Tree overhanging Teatown Lake

Teatown Lake Reservation is one of my favorite places: to walk the dog; hike around myself and just sit and watch the world go by. It’s quite large: 1,000 acres including the 41-acre Teatown Lake, 7-acre Shadow Lake and 9-acre Vernay Lake, streams, waterfalls, hardwood swamps, mixed forests, meadowns, hemlock forests and laurel groves. There are a number of trails so you don’t have to repeat yourself too much. One of the easier walks is around the lake. It’s flat and takes between 45 and one hour depending on how fast you walk. It was on one of the walks around the lake that I came across this tree overhanging the lake itself.

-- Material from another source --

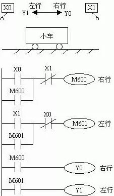 小车的正反向运动中,用M600、M601控制输出继电器驱动小车运动。X1、X0为限位输入信号。运行的过程是X0= ON→M600=ON→Y0=ON→小车右行→停电→小车中途停止→上电(M600=ON→Y0=ON)再右行→X1=ON→M600=OFF、M601=ON→Y1=ON(左行)。可见由于M600和M601具有断电保持,所以在小车中途因停电停止后,一旦电源恢复,M600或M601仍记忆原来的状态,将由它们控制相应输出继电器,小车继续原方向运动。若不用断电保护辅助继电器当小车中途断电后,再次得电小车也不能运动。
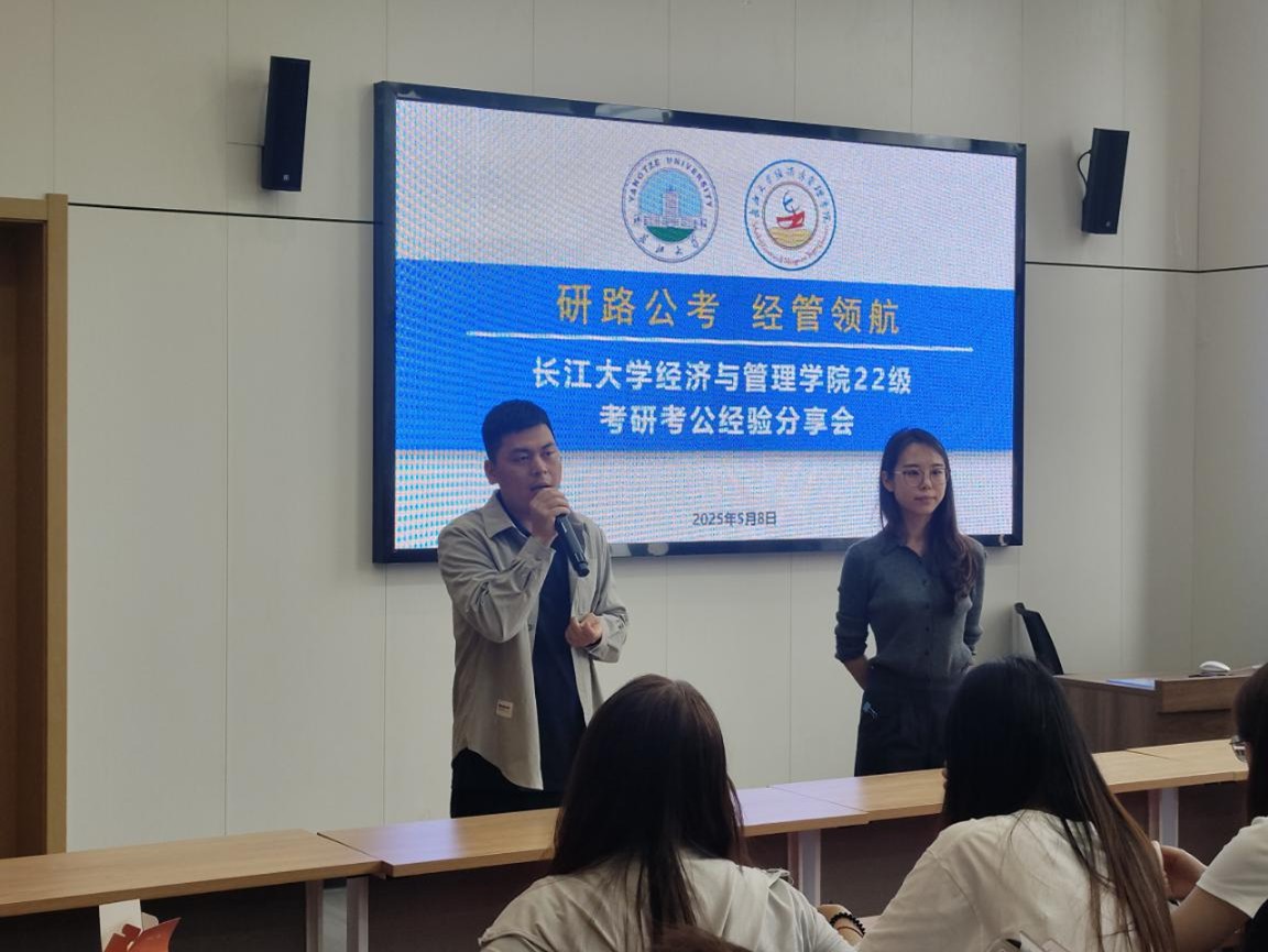 (通讯员:王璐佳)为发挥朋辈示范引领作用,助力学子明确职业方向、掌握备考技巧,5月8日下午,350vip浦京集团官网在东校区四食堂三楼宏川厅举办“研路公考 经管领航”考公考研朋辈经验分享会。活动由学院22级辅导员郭俊、方含之老师主持,特邀21级优秀考录代表肖扬学长和考研优秀代表陈晋晋学姐分享经验,并联动招商银行信用卡中心武汉分中心、东莞证券襄阳营业部开展校园招聘宣讲,吸引近百名学子到场参与。

Taken October, 2011 with a Panasonic ZS-7

Geneva, Switzerland

Lake Geneva from Quai du Mont-Blanc with the Jet d’eau in the background.

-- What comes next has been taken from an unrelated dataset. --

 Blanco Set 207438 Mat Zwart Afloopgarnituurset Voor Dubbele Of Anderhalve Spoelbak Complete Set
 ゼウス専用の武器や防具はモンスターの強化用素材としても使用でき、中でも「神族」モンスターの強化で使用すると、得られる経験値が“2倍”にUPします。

We lived in (or right next to) Geneva for eight years and yet I seem to have very few pictures from that time. I suppose there are a couple of reasons for this. First I was going through one of my periodic “soured with photography phases” – This was a particularly long one. Second, and probably more significantly we lived there in the pre-digital age. So I actually might have more pictures, but I’d have to go through boxes of old negatives to try to find them. I might do this, but I suspect I would still find very few.

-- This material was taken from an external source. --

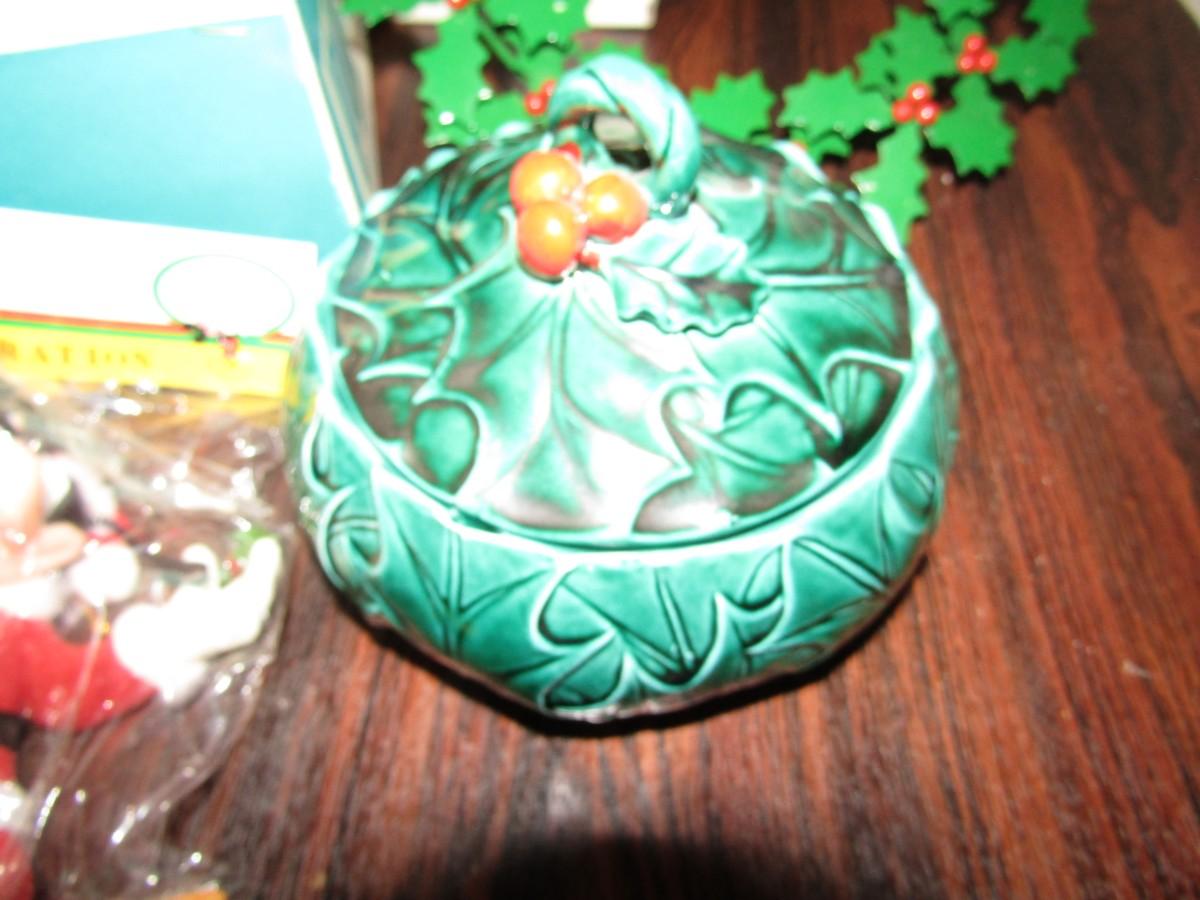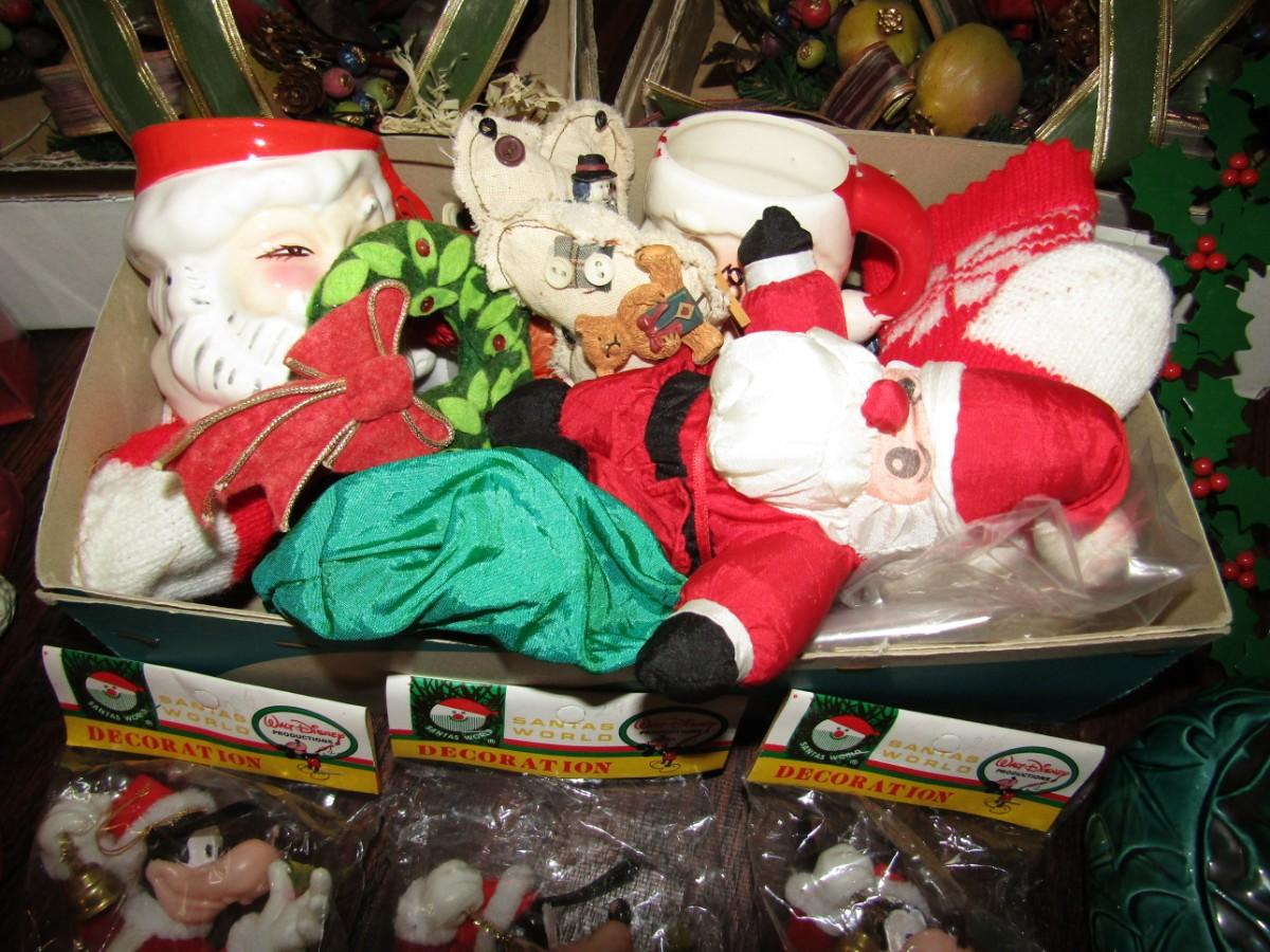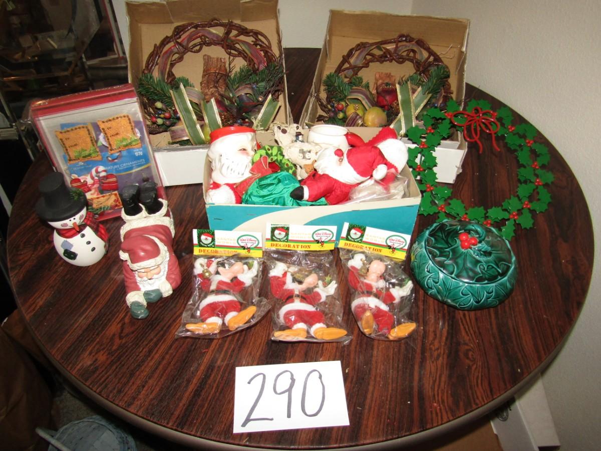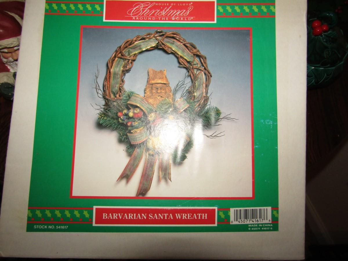 2 BAVARIAN SANTA WREATH IN ORIGINAL BOX, PLUTO CHRISTMAS DECORATIONS IN BAGS. NEW. CERAMIC DISH AND CERAMIC SANTA BY MIDWEST IMPORTS.
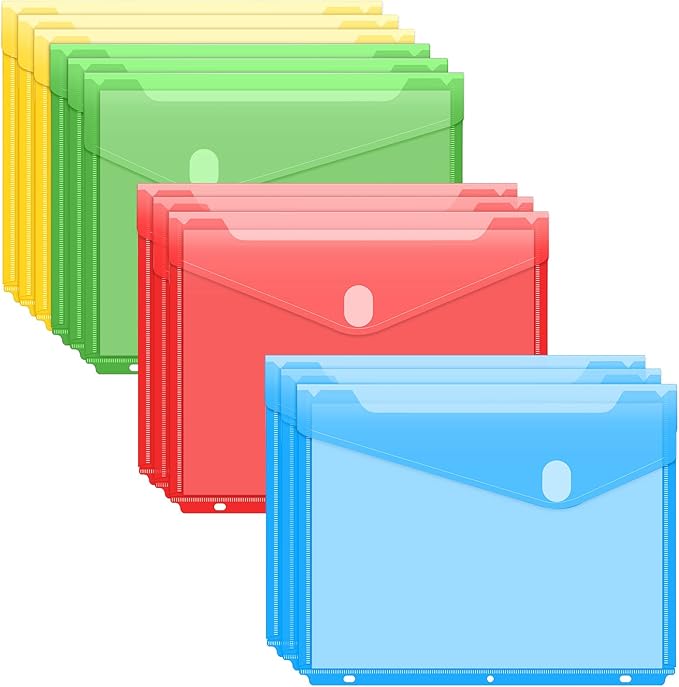 - Easy Classify & Look Up: 4 Assorted colors, blue, green, yellow and red, three for each color. It is easier to distinguish different types of files with different colors. Meanwhile, translucent design allow you to find the documents easily without removing them from the envelope pocket.

Here are a few though. They were taken later. My younger daughter still lives in Geneva and we still visit from time to time – although not very much in recent years. Hopefully we’ll get there again soon. I have a yen to go up into the mountains.

Brunswick Monument.

Fountain near the Rue des Alpes

Statue near the Jardin Botanique – right next to where I used to work.

l’Auberge du Lion d’Or in Cologny – Michelin starred restaurant just down the road from where we lived.

Runner in the Place des Nations with the Broken Chair and the Palais des Nations in the background.

Sleepy Hollow Cemetery

Old Dutch Church and Burial Ground.

In Winter this is one of the few locations that I can reliably expect to be cleared of snow. So it’s a place of last resort for walking the dog when it’s cold and there’s snow on the ground. It’s also a large and very interesting cemetery with lots of celebrity graves, picturesque statuary, flowering trees etc. It’s a very tranquil and peaceful area to walk around in, which I guess is what you would expect.

John Archbold Mausoleum

Door Detail

Edwin Lister Grave. Born: Sep. 10, 1829, Newcastle-upon-Tyne, England. Died: May 18, 1898, Newark, NJ. President of Agricultural Chemical Works, and Assemblyman in New Jersey.